The Multipop Timesharing System

It is conventional to regard an operating system and a programming language implementation as being distinct entities. There are however distinct advantages to an integrated approach, since many of the constructs required for each are in fact common, for example storage management and interpreting user commands . The Multipop, timesharing system, first operational in late 1967, was based on the concurrently developed implemenation of POP-2.

Making POP-2 be the command language for the operating system and the only language available to the user made it possible, on a relatively cheap computer (64K 24-bit words of memory), to support the time-shared development of quite complex programs, with relatively rapid responses to user interactions. Incorporating device handlers `cannibalised' from the earlier MiniMac project, it supported much of the symbolic computation work at Edinburgh until the early-70's.

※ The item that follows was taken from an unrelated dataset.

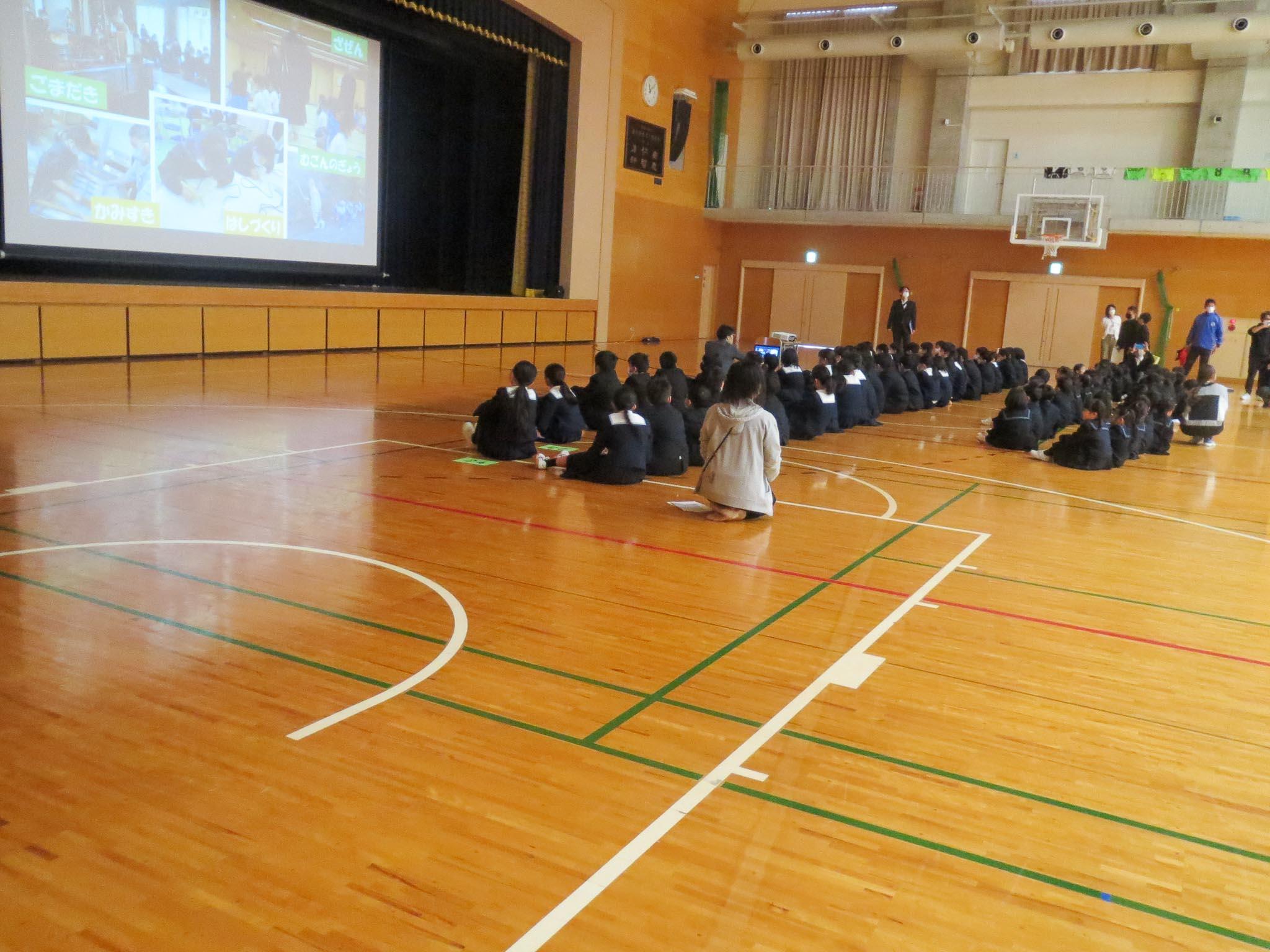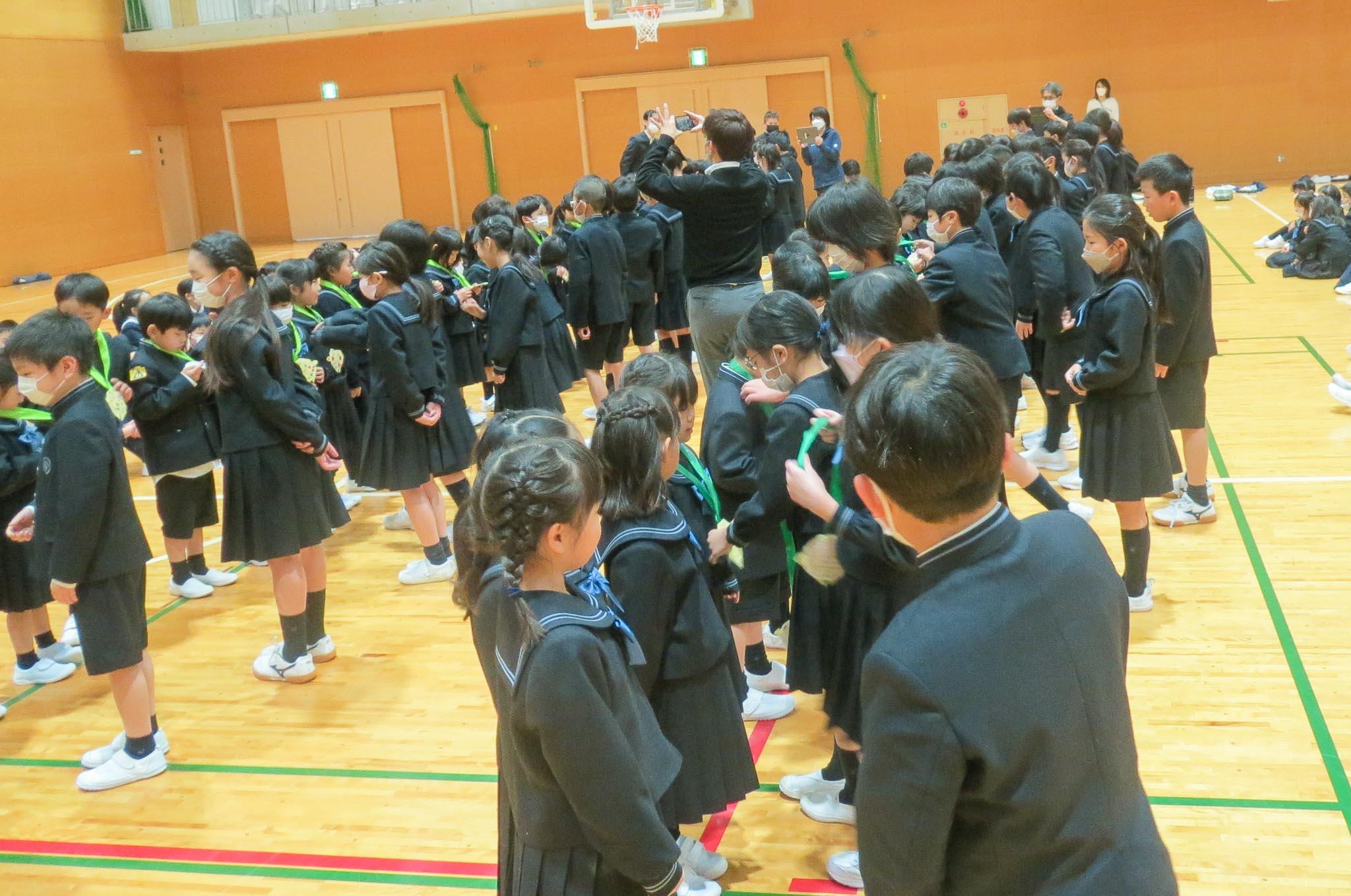 長い間、みんなが集まって実施できなかった行事でしたが、MY体育館に集まって、P2生からM2生が歌った校歌は、素晴らしい歌声でした。P2生以上の学年からは、宿泊学習を中心に、どんなところに行って、どんな体験をするのか、簡単に説明があり、聞いているP1生の楽しみな気持ちも膨らんだようです。そのあと、P4生からメダルのプレゼント。実は、P4生は、自分たちがP1生の時にはこんな会を開いてもらうことはできなかったけど、こんなメダルが欲しかったな、という気持ちを込めて作ってくれたということ。メダルをかけてあげる顔もうれしそうです。P1生からのお礼もしっかり伝えてくれました。

Using a functional language with a properly implemented concept of closure is of considerable benefit in supporting the presentation of devices such as disks to a user in an encapsulated form . Multipop employed no conventional hardware protection mechanisms; instead its security was guaranteed by the fact that access to system resources was obtained via closures of device access functions, and on built in restrictions on code-generation embodied in the compiler. Being system-generated and opaque, there was way in which a user could obtain inappropriate access to system resources via these closures. Moreover, as compared with a context switch, a closure is a light-weight means of encapsulating capabilities.